═══ Source data

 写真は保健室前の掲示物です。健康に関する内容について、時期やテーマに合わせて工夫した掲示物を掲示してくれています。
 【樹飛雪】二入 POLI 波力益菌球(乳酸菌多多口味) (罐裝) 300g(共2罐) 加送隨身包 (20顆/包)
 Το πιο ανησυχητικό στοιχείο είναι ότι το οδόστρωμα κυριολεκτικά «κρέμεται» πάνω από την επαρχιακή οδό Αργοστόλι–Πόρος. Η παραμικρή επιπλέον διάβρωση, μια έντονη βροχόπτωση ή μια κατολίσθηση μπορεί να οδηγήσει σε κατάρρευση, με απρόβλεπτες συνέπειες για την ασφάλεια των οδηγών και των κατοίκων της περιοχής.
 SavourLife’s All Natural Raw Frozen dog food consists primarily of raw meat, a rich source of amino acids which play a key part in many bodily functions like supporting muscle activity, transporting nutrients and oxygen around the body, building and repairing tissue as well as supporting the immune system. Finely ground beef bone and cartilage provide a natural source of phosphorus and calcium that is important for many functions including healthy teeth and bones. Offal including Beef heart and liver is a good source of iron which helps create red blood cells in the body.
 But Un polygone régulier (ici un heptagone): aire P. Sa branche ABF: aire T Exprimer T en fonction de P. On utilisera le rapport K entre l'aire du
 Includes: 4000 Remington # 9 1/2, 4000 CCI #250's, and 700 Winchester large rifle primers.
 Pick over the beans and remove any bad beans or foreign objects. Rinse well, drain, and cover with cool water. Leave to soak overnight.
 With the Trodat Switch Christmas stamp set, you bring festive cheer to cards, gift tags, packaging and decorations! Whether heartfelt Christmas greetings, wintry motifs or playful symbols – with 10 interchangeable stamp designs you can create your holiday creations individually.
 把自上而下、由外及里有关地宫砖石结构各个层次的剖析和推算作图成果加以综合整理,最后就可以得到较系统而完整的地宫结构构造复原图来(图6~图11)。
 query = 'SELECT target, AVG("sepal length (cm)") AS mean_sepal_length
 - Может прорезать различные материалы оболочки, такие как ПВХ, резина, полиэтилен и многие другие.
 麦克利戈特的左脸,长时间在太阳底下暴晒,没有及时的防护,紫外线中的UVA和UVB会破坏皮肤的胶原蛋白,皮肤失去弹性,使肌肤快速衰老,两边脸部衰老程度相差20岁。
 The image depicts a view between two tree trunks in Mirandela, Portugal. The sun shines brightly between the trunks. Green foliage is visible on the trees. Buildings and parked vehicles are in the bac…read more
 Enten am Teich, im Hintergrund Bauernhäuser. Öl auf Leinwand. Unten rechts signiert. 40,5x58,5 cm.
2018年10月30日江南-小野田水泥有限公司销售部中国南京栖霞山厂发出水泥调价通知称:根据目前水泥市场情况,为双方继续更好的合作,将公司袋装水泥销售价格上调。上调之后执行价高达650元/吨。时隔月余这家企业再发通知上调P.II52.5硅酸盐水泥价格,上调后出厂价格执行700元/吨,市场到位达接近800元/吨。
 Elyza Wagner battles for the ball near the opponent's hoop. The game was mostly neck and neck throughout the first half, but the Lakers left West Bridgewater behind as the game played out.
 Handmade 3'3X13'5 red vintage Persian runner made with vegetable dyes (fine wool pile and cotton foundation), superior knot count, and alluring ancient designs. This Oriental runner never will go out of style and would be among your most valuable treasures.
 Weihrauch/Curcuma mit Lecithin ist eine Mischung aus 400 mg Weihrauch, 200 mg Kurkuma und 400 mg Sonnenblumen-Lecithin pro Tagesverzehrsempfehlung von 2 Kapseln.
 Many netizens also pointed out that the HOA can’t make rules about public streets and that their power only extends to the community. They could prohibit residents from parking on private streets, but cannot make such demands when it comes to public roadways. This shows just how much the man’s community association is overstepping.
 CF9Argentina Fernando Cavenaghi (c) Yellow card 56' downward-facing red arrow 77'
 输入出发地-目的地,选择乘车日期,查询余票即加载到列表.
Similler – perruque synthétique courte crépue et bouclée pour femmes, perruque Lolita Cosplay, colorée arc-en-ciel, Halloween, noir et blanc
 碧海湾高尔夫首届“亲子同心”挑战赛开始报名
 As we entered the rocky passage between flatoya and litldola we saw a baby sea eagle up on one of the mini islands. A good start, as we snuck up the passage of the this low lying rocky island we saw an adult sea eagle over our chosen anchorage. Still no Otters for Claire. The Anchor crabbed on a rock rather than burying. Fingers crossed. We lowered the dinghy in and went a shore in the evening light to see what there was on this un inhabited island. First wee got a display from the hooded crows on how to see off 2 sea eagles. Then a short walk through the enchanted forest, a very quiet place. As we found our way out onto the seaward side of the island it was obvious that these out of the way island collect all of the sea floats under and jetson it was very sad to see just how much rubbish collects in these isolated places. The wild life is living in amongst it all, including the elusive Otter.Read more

══════

• _Assignment_
Your response should be the lines above from the first to the one containing "SavourLife’s All Natural", inclusive, each given exactly.

• _Output of the exercise_
 写真は保健室前の掲示物です。健康に関する内容について、時期やテーマに合わせて工夫した掲示物を掲示してくれています。
 【樹飛雪】二入 POLI 波力益菌球(乳酸菌多多口味) (罐裝) 300g(共2罐) 加送隨身包 (20顆/包)
 Το πιο ανησυχητικό στοιχείο είναι ότι το οδόστρωμα κυριολεκτικά «κρέμεται» πάνω από την επαρχιακή οδό Αργοστόλι–Πόρος. Η παραμικρή επιπλέον διάβρωση, μια έντονη βροχόπτωση ή μια κατολίσθηση μπορεί να οδηγήσει σε κατάρρευση, με απρόβλεπτες συνέπειες για την ασφάλεια των οδηγών και των κατοίκων της περιοχής.
 SavourLife’s All Natural Raw Frozen dog food consists primarily of raw meat, a rich source of amino acids which play a key part in many bodily functions like supporting muscle activity, transporting nutrients and oxygen around the body, building and repairing tissue as well as supporting the immune system. Finely ground beef bone and cartilage provide a natural source of phosphorus and calcium that is important for many functions including healthy teeth and bones. Offal including Beef heart and liver is a good source of iron which helps create red blood cells in the body.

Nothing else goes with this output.